Under certain very limited circumstances, a person subject to this restriction may be permitted to trade during a Blackout Period, but only if the Trading Administrator concludes that the person does not in fact possess material nonpublic information. Persons wishing to trade during a Blackout Period must contact the Trading Administrator for approval at least three (3) business days in advance of any proposed transaction involving Company Securities.

Event-Specific Trading Restriction Periods. From time to time, an event may occur that is material to the Company and is known by only a few directors, officers, /or employees of the Company (or by any other person subject to this Policy). So long as the event remains material and nonpublic, the persons designated by the Trading Administrator may not trade Company Securities. In addition, the Company’s financial results may be sufficiently material in a particular fiscal quarter that, in the judgment of the Trading Administrator, designated persons should refrain from trading in Company Securities even sooner than the typical Blackout Period described above. In that situation, the Trading Administrator may notify these persons that they should not trade in the Company’s Securities, without disclosing the reason for the restriction. The existence of an event-specific trading restriction period or extension of a Blackout Period will not be announced to the Company as a whole, and should not be communicated to any other person. Even if the Trading Administrator has not designated you as a person who should not trade due to an event- specific restriction, you should not trade while aware of material nonpublic information. Exceptions will not be granted during an event-specific trading restriction period.

Exceptions.
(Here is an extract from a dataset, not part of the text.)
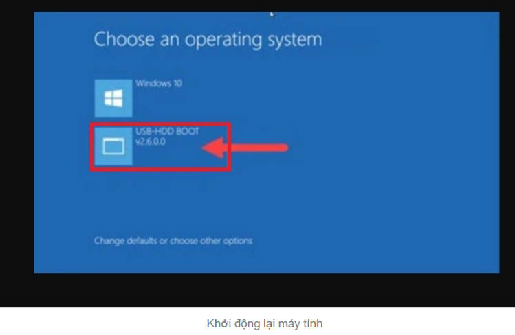- Khởi động từ ổ cứng: Khởi động lại máy tính và chọn "USB-HDD BOOT" để bắt đầu ghost.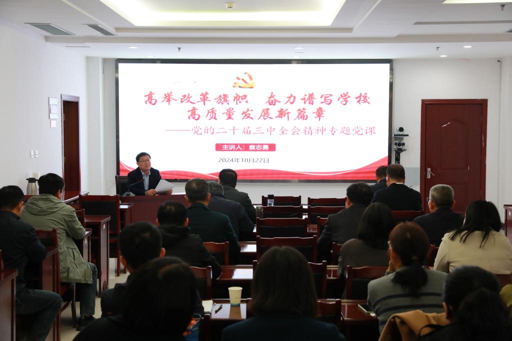 袁志勇以《高举改革旗帜奋力谱写学校高质量发展新篇章》为题,重点围绕“学习好全会精神,增强全面深化改革的思想自觉;贯彻好全会精神,践行推进学校改革的使命担当;落实好全会精神,凝聚高质量发展的行动力量”三个方面展开讲解,重点阐述了全会召开的重要意义、进一步全面深化改革的主要内容、中心议题、指导思想、目标任务、重大原则、价值追求、根本保证,并围绕教育、科技、人才三位一体综合改革,结合学校实际,提出推进学校全面改革需要把握的一些重大问题和重要举措,对深入贯彻落实党的二十届三中全会精神、加快推进学校高质量发展进行了动员和部署。他强调,深入学习三中全会精神,要认真贯彻《决定》提出的改革举措,坚持以师生为中心的理念、坚持问题导向,围绕落实立德树人根本任务、加快推进学校高质量发展、全面提高人才培养质量,结合学校实际和重点工作,深入推进学校全面改革。

The quarterly trading restrictions and event-driven trading restrictions do not apply to those transactions to which this Policy does not apply, as described above under the headings “Transactions Under Company Plans” and “Transactions Not Involving a Purchase or Sale.” Further, the requirement for pre-clearance, the quarterly trading restrictions and event-driven trading restrictions do not apply to transactions conducted pursuant to pre-cleared 10b5-1 Plans, described under the heading “Rule 10b5-1 Plans.”

Rule 10b5-1 Plans

Rule 10b5-1 under the Exchange Act (“Rule 10b5-1”) provides an affirmative defense from insider trading liability under Rule 10b-5. In order to be eligible to rely on this defense, a person subject to this Policy must enter into a written Rule 10b5-1 plan
Insider Trading Policy


(a “10b5-1 Plan”) for transactions in Company Securities that meets certain conditions specified in the Rule. If the plan meets the requirements of Rule 10b5-1, Company Securities may be purchased or sold pursuant to the terms of the plan without regard to certain insider trading restrictions. To comply with the Policy, a 10b5-1 Plan must be pre-cleared by the Trading Administrator and meet the requirements of Rule 10b5-1 and the Company’s guidelines for 10b5-1 Plans (attached to this Policy as Exhibit A). In general, a 10b5-1 Plan must only be entered into during an open window period and only at a time when the person entering into the plan is not aware of material nonpublic information. Once the plan is adopted, the person must not exercise any discretion or influence over the amount of securities to be traded, the price at which they are to be traded or the date of the trade. The plan must either specify the amount, pricing, and timing of transactions in advance or delegate discretion on these matters to an independent third party.

Any 10b5-1 Plan must be submitted to the Trading Administrator for pre-clearance ten (10) calendar days prior to the entry into the 10b5-1 Plan. The pre-clearance decision is valid for five (5) business days following the date of the intended start of the 10b5-1 Plan. If the 10b5-1 Plan is not entered into within that time period, another request for pre- clearance should be submitted. No further pre-clearance of transactions conducted pursuant to the 10b5-1 Plan will be required.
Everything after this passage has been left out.